South Korea and Indonesia reach a deal on sharing the cost of building a fighter jet together. (Defense Acquisition Program Administration)
South Korea and Indonesia reached an agreement Wednesday on the payment Indonesia would have to make for their joint fighter jet project after concerns for months that Jakarta could default on the deal to produce a cheaper, less-stealthy alternative to the US-made F-35.
The KF-21 program -- in which Indonesia seeks a 20 percent share and technology know-how while Korea holds the rest -- aims to mass produce jets as early as 2027, but the Southeast Asian nation had hardly paid its contributions to the project worth at least 8 trillion won ($6.7 billion).
A COVID-hit local economy was reportedly one of the reasons behind the delay, though Seoul denied that Jakarta had asked it to either cut its burden in half or approve a loan for its contributions and help build local production lines.
“Indonesia will make payments over the next five years until 2026, and thirty percent of that would be in-kind transfers,” Korea’s Defense Acquisition Program Administration said, without elaborating.
The arms procurement agency said the two countries will discuss what goods or assets to use instead of cash at a separate meeting later, with one DAPA official saying they could involve natural resources.
In April, President Moon Jae-in hailed the prototype of the KF-21, known as Boramae, as the backbone of the Air Force that marks a new era of a more self-reliant military, at the unveiling ceremony.
The project, first conceived in 2001, gained traction in 2010 when Indonesia agreed to shoulder costs in exchange for technology transfer.
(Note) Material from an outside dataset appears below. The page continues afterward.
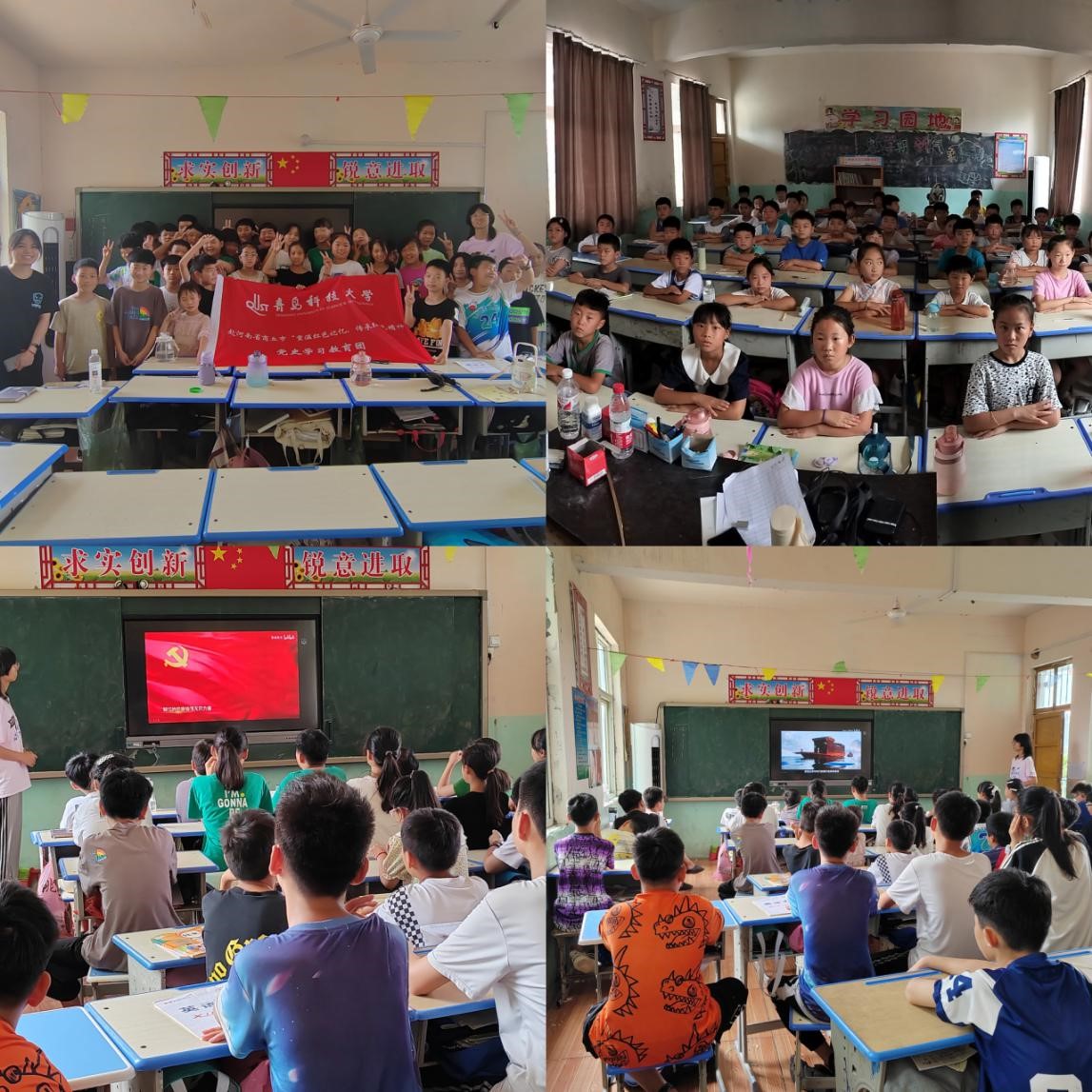 首先,乡村实践团成员们和孩子们在教室内开展党史学习教育课。团队成员分别为孩子们讲述了关于党从创立之初到取得伟大历史成就的艰辛历程,生动形象地展现了红色精神的魅力。着重介绍为和平发展做出重大牺牲的英雄事迹,孩子们全神贯注从讲述中汲取红色知识,一双双明亮的眼睛透露出对前辈们的敬仰和向往。此次课程着力培养孩子们的爱国爱党精神,并让孩子们充分体会当今安宁和平生活的来之不易。

But Korea had since faced difficulties in securing key software from the US for its 4.5-generation warplanes, and payments from Indonesia.
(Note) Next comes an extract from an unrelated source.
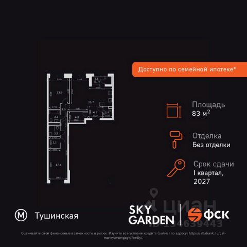 Прямая продажа от застройщика. Продаётся 3-комнатная квартира общей площадью 79.83 м² с предчистовой отделкой в ЖК Сити Бэй, квартале Норс, на 2-м этаже 10 этажного дома. Концепция жилого комплекса Сити Бэй - настоящий город в городе с отлично развитой инфраструктурой и собственной благоустроенной набережной. На территории жилого комплекса расположено пять кварталов - Атлантик, Пасифик, Индиан, Норс, Клиф. Жилой квартал Сити Бэй отличается оригинальной концепцией и выделяется среди других проектов такими характеристиками как: - Архитектура, - Виды из окон, - Природное окружение, вызывая гордость у жителей и восхищение у прохожих. Вся жизнь района Покровское-Стрешнево строится вокруг водных объектов: - Пойма реки Сходни с уникальной экосистемой, - Речка Химка и Химкинское водохранилище, - Москва-река, - Канал имени Москвы. Кругом вода, и местные с удовольствием этим пользуются. А сразу за рекой - центр водного спорта в Строгино с вейк-парком и яхт-Клубами. Помимо воды, здесь очень много зелени: - Рядом Сходненский ковш памятник природы, естественный амфитеатр глубиной 40 метров; - Парк при усадьбе Братцево с фруктовым садом; - Дубовая роща "Маяк", - Алешкинский лес; - Лесопарк Покровское-Стрешнево с пляжами и бобрами. Главные транспортные артерии района: - Волоколамское шоссе, - Таганско-Краснопресненская линия метро и МЦД-2. Всего за 20 минут можно добраться до центра на машине или метро, а МЦД связывает ЖК Сити Бэй с северными, восточными и юго-восточными районами. Компания MR предлагает своим клиентам специальные условия приобретения квартир в рамках программ ипотечного кредитования от банков-партнеров.

Seoul had repeatedly played down rumors that Jakarta could walk off, saying a pullout would not affect the program. Korea expects to produce 120 jets, while Indonesia is responsible for making 48 jets and is given one prototype along with the technology know-how.
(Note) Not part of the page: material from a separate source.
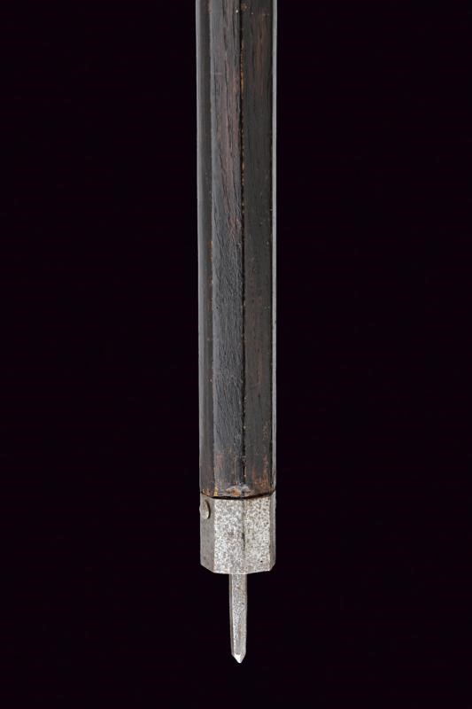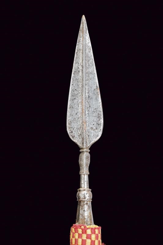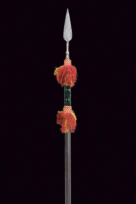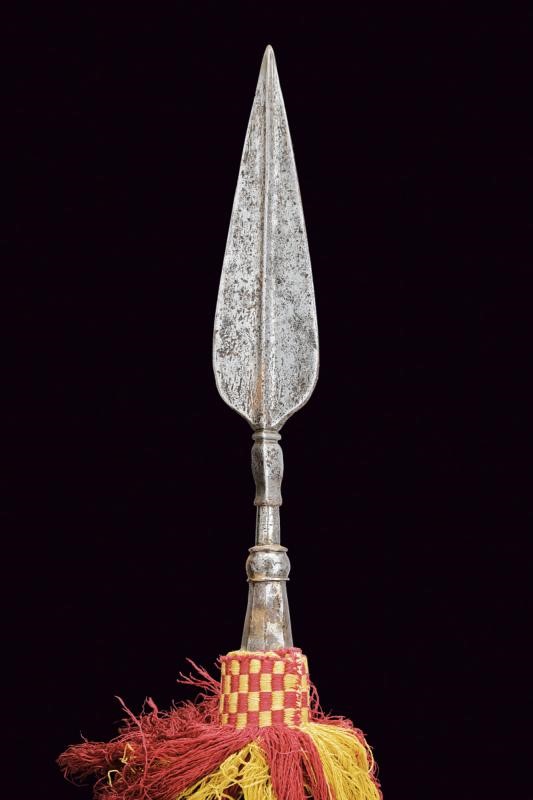 Double-edged leaf-shaped cusp, strongly ribbed in the centre, provided with a square-section knob with a long collar decorated like a baluster, then cylindrical and finally spheroidal, with a faceted ferrule shaped as a truncated cone. The straps are not visible as they are covered by velvet with tassels; the shaft is of much more recent manufacture. With iron shoe.

“We have a separate routine, so what we make here goes to our storage and what Indonesians build there goes to theirs,” a DAPA official said, though he declined to confirm the exact number of jets to be produced for production for security reasons.
The weapons buyer said 32 Indonesian workers are currently working here alongside Korean engineers, and the number will hit 100 by December. Indonesia represents Southeast Asia’s largest defense market.